[Opening Data section]
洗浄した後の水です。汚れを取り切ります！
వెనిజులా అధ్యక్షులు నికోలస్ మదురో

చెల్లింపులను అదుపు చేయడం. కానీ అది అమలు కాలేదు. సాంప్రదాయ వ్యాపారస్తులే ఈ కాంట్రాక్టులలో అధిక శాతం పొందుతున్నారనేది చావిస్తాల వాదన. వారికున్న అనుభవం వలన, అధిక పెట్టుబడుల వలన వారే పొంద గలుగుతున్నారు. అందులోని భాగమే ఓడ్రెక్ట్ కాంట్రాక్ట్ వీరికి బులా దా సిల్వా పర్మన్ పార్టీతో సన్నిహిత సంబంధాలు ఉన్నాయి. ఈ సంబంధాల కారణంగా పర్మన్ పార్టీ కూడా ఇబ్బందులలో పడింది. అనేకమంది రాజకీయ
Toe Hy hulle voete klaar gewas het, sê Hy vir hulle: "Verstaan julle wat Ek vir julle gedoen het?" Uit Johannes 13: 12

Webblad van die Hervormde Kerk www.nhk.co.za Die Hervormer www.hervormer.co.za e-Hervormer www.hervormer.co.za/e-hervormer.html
[Closing Data section]
[Opening Data section]
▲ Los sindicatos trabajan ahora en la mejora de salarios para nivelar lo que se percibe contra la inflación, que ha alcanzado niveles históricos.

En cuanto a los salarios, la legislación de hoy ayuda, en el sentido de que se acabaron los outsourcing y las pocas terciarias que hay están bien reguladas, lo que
[Closing Data section]
[Opening Data section]
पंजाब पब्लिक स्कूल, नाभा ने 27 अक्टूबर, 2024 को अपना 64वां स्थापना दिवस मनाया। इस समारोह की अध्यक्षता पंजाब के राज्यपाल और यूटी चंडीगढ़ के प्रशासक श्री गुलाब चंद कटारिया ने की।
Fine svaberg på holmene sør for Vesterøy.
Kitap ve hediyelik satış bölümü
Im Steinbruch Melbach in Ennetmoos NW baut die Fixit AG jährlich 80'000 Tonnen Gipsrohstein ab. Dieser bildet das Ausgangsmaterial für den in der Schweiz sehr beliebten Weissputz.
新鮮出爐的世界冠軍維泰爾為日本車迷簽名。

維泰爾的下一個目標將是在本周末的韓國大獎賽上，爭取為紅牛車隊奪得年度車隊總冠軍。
[Closing Data section]
• **Task requirements**
Both the line containing "洗浄した後の水です。汚れを取り切ります！" and the line containing "Webblad van die" belong in the answer. Print them and every line above that falls between them exactly, and no others.

• **Task output**
洗浄した後の水です。汚れを取り切ります！
వెనిజులా అధ్యక్షులు నికోలస్ మదురో

చెల్లింపులను అదుపు చేయడం. కానీ అది అమలు కాలేదు. సాంప్రదాయ వ్యాపారస్తులే ఈ కాంట్రాక్టులలో అధిక శాతం పొందుతున్నారనేది చావిస్తాల వాదన. వారికున్న అనుభవం వలన, అధిక పెట్టుబడుల వలన వారే పొంద గలుగుతున్నారు. అందులోని భాగమే ఓడ్రెక్ట్ కాంట్రాక్ట్ వీరికి బులా దా సిల్వా పర్మన్ పార్టీతో సన్నిహిత సంబంధాలు ఉన్నాయి. ఈ సంబంధాల కారణంగా పర్మన్ పార్టీ కూడా ఇబ్బందులలో పడింది. అనేకమంది రాజకీయ
Toe Hy hulle voete klaar gewas het, sê Hy vir hulle: "Verstaan julle wat Ek vir julle gedoen het?" Uit Johannes 13: 12

Webblad van die Hervormde Kerk www.nhk.co.za Die Hervormer www.hervormer.co.za e-Hervormer www.hervormer.co.za/e-hervormer.html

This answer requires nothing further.